本明細書の当初の開示は、少なくとも下記の態様を包含する。
[1]廃ポリマー材料(1)をリサイクルするための溶媒系リサイクル方法であって、前記廃ポリマー材料(1)が少なくとも1つのポリオレフィン(2)を含み、前記方法が以下の工程:
a)少なくとも1つのポリオレフィン(2)を含む廃ポリマー材料(1)を得る工程;
b)廃ポリマー材料(1)を少なくとも1つの溶解溶媒(3)と接触させて、ポリマー溶液(5)と未溶解固体(6)とのスラリー流(4)を生成する工程;
c)スラリー流(4)をスクリーニングして、未溶解固体(6)とポリマー溶液(5)流とを生成する工程;
d)ポリマー溶液(5)流をポリマーリーン蒸気流(9)とポリマーリッチ凝縮流(10)とに気液分離する工程;
e)少なくとも1つのポリオレフィン(2)をポリマーリッチ凝縮流(10)から回収する工程;
を含み、前記少なくとも1つの溶解溶媒(3)が、1バールで70℃以上の沸点温度を有する、方法。

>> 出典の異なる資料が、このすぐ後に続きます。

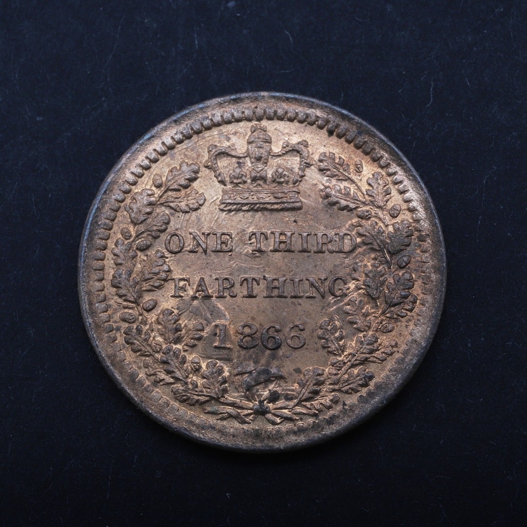 A QUEEN VICTORIA THIRD FARTHING, 1866. A Queen Victoria third farthing, laureate head l. Reverse with crowned date and value. Dated 1866. Made for use in Malta.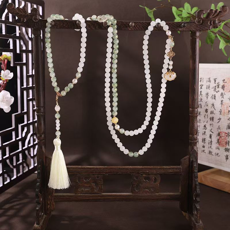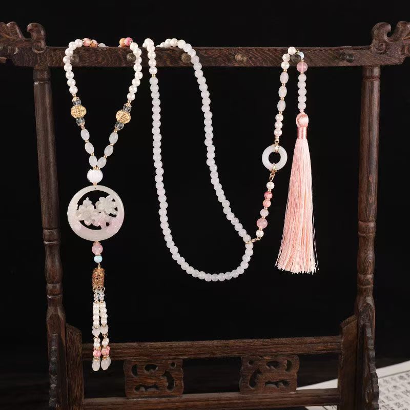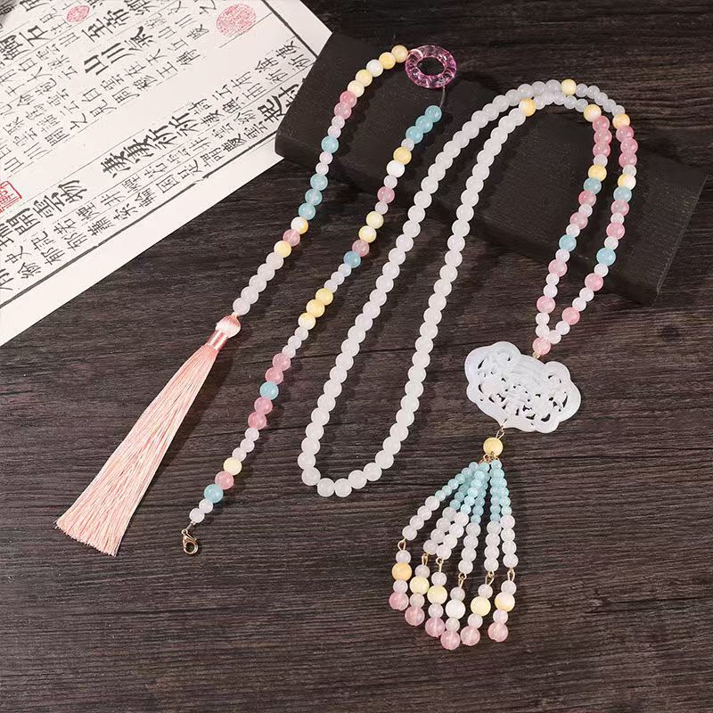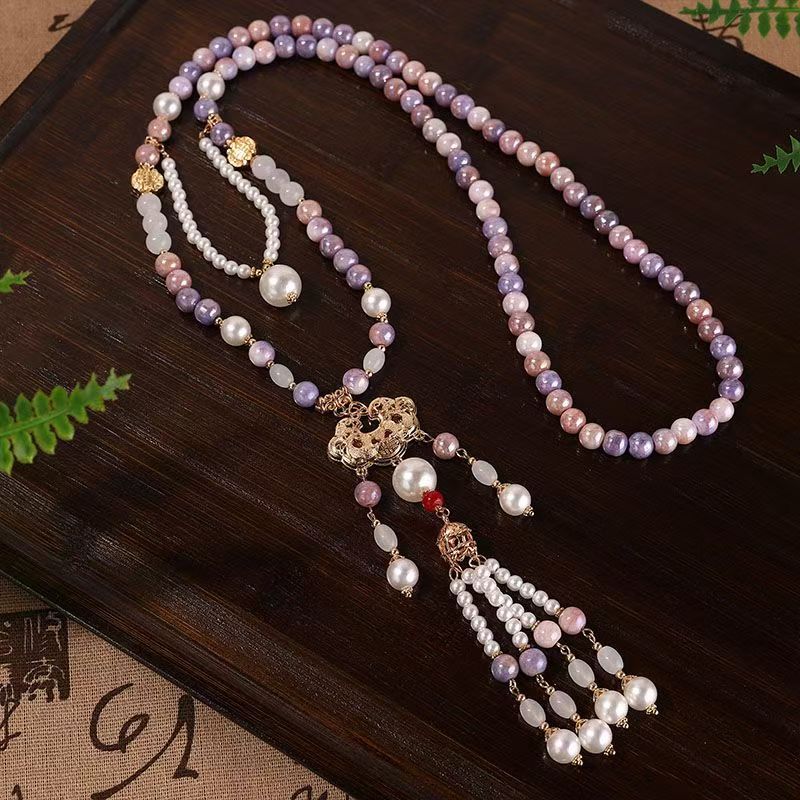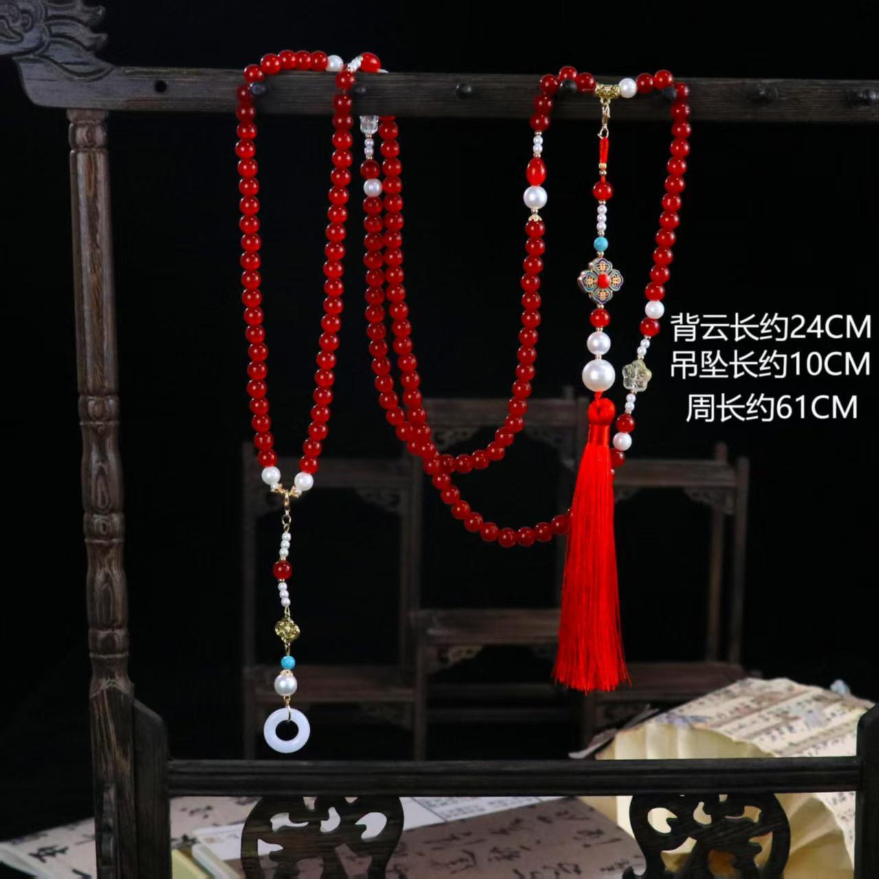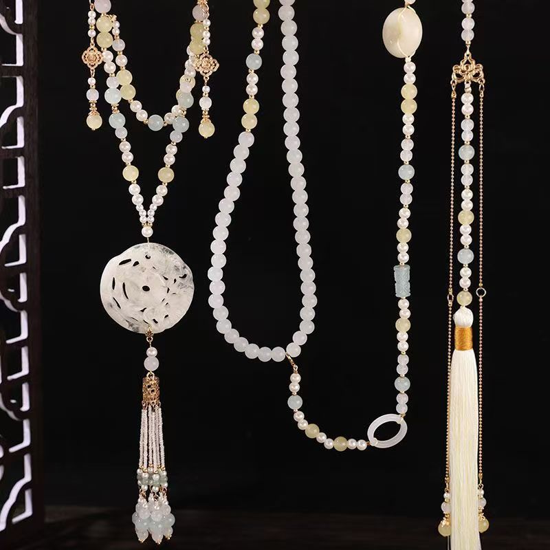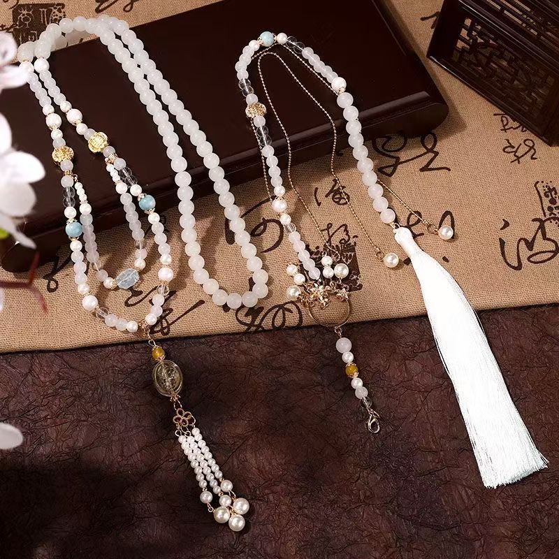中式古法旗袍璎珞项链项圈长流苏背云长款白色贝珠毛衣链新配饰女

[2]前記方法が、工程c)に続き工程d)に先行して以下の工程:
C’’)ポリマー溶液(5)流をポリマーリーン流(7)とポリマーリッチ流(8)とに液液分離する工程をさらに含み、前記ポリマーリッチ流(8)が工程d)に供給される、前記[1]に記載の溶剤系リサイクル方法。
[3]工程c)が、ポリマー溶液(5)から未溶解固体(6)を固液分離する工程を含む、前記[2]に記載の溶媒系リサイクル方法。
[4]工程c)に続き工程c’’)に先行して実施される、ポリマー溶液(5)を受取り、均質化ポリマー溶液(5’)を得る均質化工程c’)をさらに含み、前記均質化ポリマー溶液(5’)が工程c’’)に供給される、前記[1]~[4]のいずれかに記載の溶媒系リサイクル方法。
[5]前記方法が、工程a)に続き工程b)に先行して以下の工程:
a’)廃ポリマー材料(1)を少なくとも1つの抽出溶媒(3e)で抽出する、または、廃ポリマー材料(1)を溶融する工程
をさらに含む、前記[1]~[4]のいずれかに記載の溶媒系リサイクル方法。
[6]前記工程a’)が、前記廃ポリマー材料(1)を溶融して溶融廃材料(1a)を生成する、前記[5]に記載の溶媒系リサイクル方法。
[7]工程a’)において、混合装置内で溶融廃材料(1a)が溶解溶媒(3)と混合される、前記[6]に記載の溶媒系リサイクル方法。
[8]工程c’’)が少なくとも2回実施され、第1工程c’’
1
)のポリマーリーン流(7
1
)が第2工程C’’
2
)に供給される、前記[2]~[7]のいずれかに記載の溶媒系リサイクル方法。
[9]工程d)が少なくとも2回実施され、第1工程d’)のポリマーリッチ凝縮流(10)が第2工程d’’)に供給される、前記[1]~[8]のいずれかに記載の溶媒系リサイクル方法。